McDonalds, one of the richest corporations on the planet, received $1.6 million to promote Chicken MgNuggets in Singapore. Pillsbury received $11 million dollars to promote the Doughboy overseas. Exxon was allowed to deduct the $300 million dollars it paid to settle the oil spill of the Exxon Valdez. Perhaps most ostentatiously, Lockheed Martin received $1 billion dollars to pay for plant shutdowns. In other words, they were paid to lay off workers. Michael Moore, who compiled this list of welfare cheats, points out that the nation spends three times as much subsidizing corporations as keeping poor people from starving or freezing. (He was writing before Clinton and the 104th Congress signed the Welfare Reform Bill, so that figure may now be higher.) By giving that money away, the government almost certainly increased the load on the back of the poor and the middle class, and definitely lost an opportunity to lighten it.
The current state of taxes in this country would whither it if saw public light. Unfortunately, most Americans do not understand how the system works. It's hard to care about anything relevant when all media emphasize frivolities like OJ and Jon Binet and Monica. The media have their reasons to distract us with inanities. Noam Chomsky, in What Uncle Sam Really Wants, describes the media as captives of corporations which are intertwined with other corporations and who work to present a portrait of the world beneficial to the rich. For now, the media present the world in a way that best serves the rich, and will work to hide relevant issues like these.

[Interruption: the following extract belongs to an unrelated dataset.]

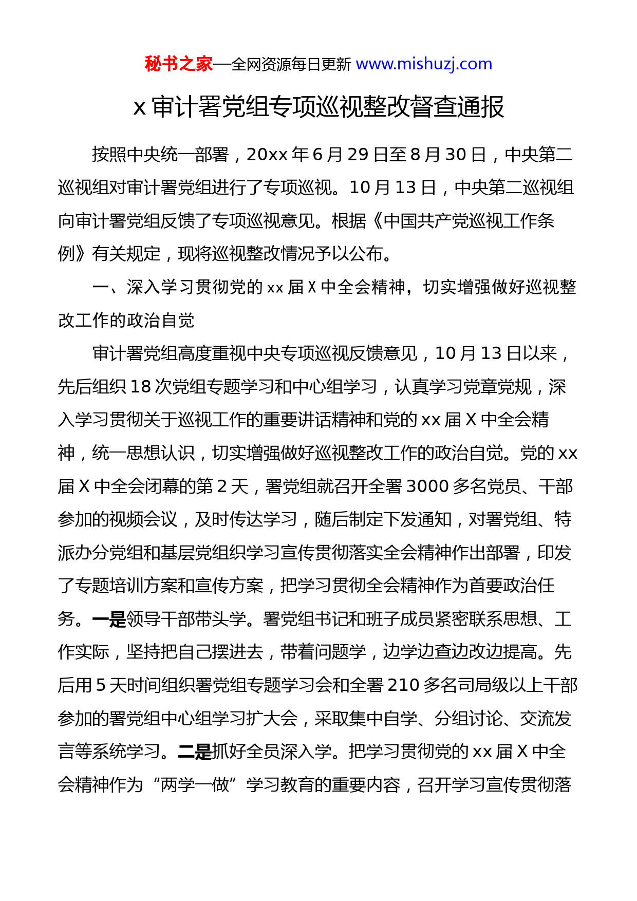 秘书之家—全网资源每日更新www.mishuzj.comx审计署党组专项巡视整改督查通报按照中央统一部署,20xx年6月29日至8月30日,中央第二巡视组对审计署党组进行了专项巡视。10月13日,中央第二巡视组向审计署党组反馈了专项巡视意见。根据《中国共产党巡视工作条例》有关规定,现将巡视整改情况予以公布。一、深入学习贯彻党的xx届X中全会精神,切实增强做好巡视整改工作的政治自觉审计署党组高度重视中央专项巡视反馈意见,10月13日以来,先后组织18次党组专题学习和中心组学习,认真学习党章党规,深入学习贯彻关于巡视工作的重要讲话精神和党的xx届X中全会精神,统一思想认识,切实增强做好巡视整改工作的政治自觉。党的xx届X中全会闭幕的第2天,署党组就召开全署3000多名党员、干部参加的视频会议,及时传达学习,随后制定下发通知,对署党组、特派办分党组和基层党组织学习宣传贯彻落实全会精神作出部署,印发了专题培训方案和宣传方案,把学习贯彻全会精神作为首要政治任务。一是领导干部带头学。署党组书记和班子成员紧密联系思想、工作实际,坚持把自己摆进去,带着问题学,边学边查边改边提高。先后用5天时间组织署党组专题学习会和全署210多名司局级以上干部参加的署党组中心组学习扩大会,采取集中自学、分组讨论、交流发言等系统学习。二是抓好全员深入学。把学习贯彻党的xx届X中全会精神作为“两学一做”学习教育的重要内容,召开学习宣传贯彻落秘书之家—全网资源每日更新www.mishuzj.com实X中全会精神视频会议,全国审计机关6.4万人参加;以署党组成员和司处级干部为重点,在全署党员干部中连续开展了12次专题学习,每个专题在全署3000多名党员干部中以视频方式集中交流半天,由1名署党组成员、2名单位主要负责人、1名党员代表作专题发言;在中共审计署党校分3期对全署近1600名处级以上干部进行了集中培训,每期1周,每期培训班都由署党组成员带队领学。通过学习贯彻,审计署党组和全署党员干部深刻认识到:第一,党的xx届X中全会明确的核心地位,是全党的共同意志,是全党全军全国各族人民的共同心愿,是历史和时代的选择、全党和全国各族人民的选择、中国特色社会主义事业的选择,是党和国家根本利益所在,对维护党中央权威、维护党的团结和集中统一领导,保证党和国家兴旺发达、长治久安,具有十分重大而深远的意义;第二,全会通过的《关于新形势下党内政治生活的若干准则》(以下简称《准则》)和《中国共产党党内监督条例》(以下简称《条例》),贯彻全面从严治党的鲜明主题,坚持以党章为根本遵循,坚持继承与创新有机统一,坚持严字当头、问题导向、以上率下,提出了一系列新观点新举措,充分体现了思想建党与制度治党的有机统一,是新形势下加强和规范党内政治生活,加强党内监督的根本遵循;第三,在全会上的重要讲话,以一系列富有创见的新思想新观点新要求,升华了我们党对党的建设规律的认识,丰富和发展了马克思主义党建理论,是坚定不移推进全面从严治党的行动纲领,为我们党更好地治国理政,开创中国特色社会主义伟大事业新局面提供了科学指南。署党组和全署党员干部秘书之家—全网资源每日更新www.mishuzj.com一致表示,要坚决拥护、坚决服从、自觉维护、坚定捍卫的核心地位,更加紧密地团结在以同志为核心的党中央周围,更加坚定地维护以同志为核心的党中央权威,更加自觉地在思想上政治上行动上同以同志为核心的党中央保持高度一致,更加扎实地把党中央各项决策部署落到实处;要经常、自觉、主动向党中央看齐,向党的理论和路线方针政策看齐,向党中央决策部署看齐,做到党中央提倡的坚决响应、党中央决定的坚决执行、党中央禁止的坚决不做。二、坚持以上率下,切实担负起巡视整改主体责任对中央专项巡视指出的问题,审计署党组诚恳接受、全面整改。署党组深刻认识到,这些问题表现在各个层面,根子在署党组,在党组书记,根本原因是署党组特别是党组书记履行全面从严治党主体责任不到位,在“深”“细”“常”“长”上抓得不够。署党组书记和班子成员全面落实巡视整改主体责任,党组书记认真履行整改工作第一责任人责任,班子成员按照职责切实抓好分工范围内的整改落实工作,并以小见大、举一反三,逐级落实责任。同时,署党组书记和班子成员坚决把自己摆进去,主动认领问题、主动承担责任、带头落实整改;先后召开11次专门会议和专题民主生活会研究部署整改工作,坚持以上率下,立足自身抓整改,坚决防止把整改主体责任推给下级单位,坚决防止把层层传导压力变成层层推卸责任,做到“真认账、不推诿”,“真反思、不敷衍”,“真整改、‘不贰过’”。中央纪委驻署纪检组认真履行监督责任,积极协助署党组抓好整改工作。秘书之家—全网资源每日更新www.mishuzj.com(一)坚持抓早。10月13日中央第二巡视组反馈专项巡视意见后,署党组书记当天即组织召开党组会和各单位主要负责同志会议,传达学习关于巡视工作的重要讲话精神、中央专项巡视反馈意见和整改要求,研究整改措施,对巡视整改工作进行动员部署。随后,成立署巡视整改工作领导小组及办公室,领导小组负责巡视整改牵头抓总,由署党组书记担任组长,各位党组成员任副组长;办公室设在署机关党委,负责整改工

It's unsurprising, then, that Bush's claim that "the Bush tax cuts benefit all Americans, but reserve the greatest percentage reduction for the lowest income families" has received little critical attention. While Bush's plan does reduce the taxes for everyone making above $10,000 (the federal tax rate those below $10,000 is negative, meaning they'll make more after taxes), the vast majority go to the wealthy. According Citizens for Tax Justice, estimates that 43% of Bush's plans go the top 1 percent. In fact, Bush's family alone will save over $100,000. In contrast, the typical single payer would save only $249 and anyone unfortunate enough to make less than $18,000 would receive no federal tax break at all. The bottom 40% account for only 4.8% of the cuts.
Put succinctly, our regressive tax system is the result of bipartisan effort and the outright swindling of working people. It's clandestine because that is the only way it can survive. The people it serves know it would wither in public light. There lies our hope: we only need to be made aware. This is not a complex issue, nor is it one whose solution isn't apparent to all but a tiny minority. People must know about it first, which is why anyone who reads this should tell everyone he or she can. It is the duty of everyone who understands this to work to change it. Otherwise, the weight on the shoulders of the rich lightens at our expense.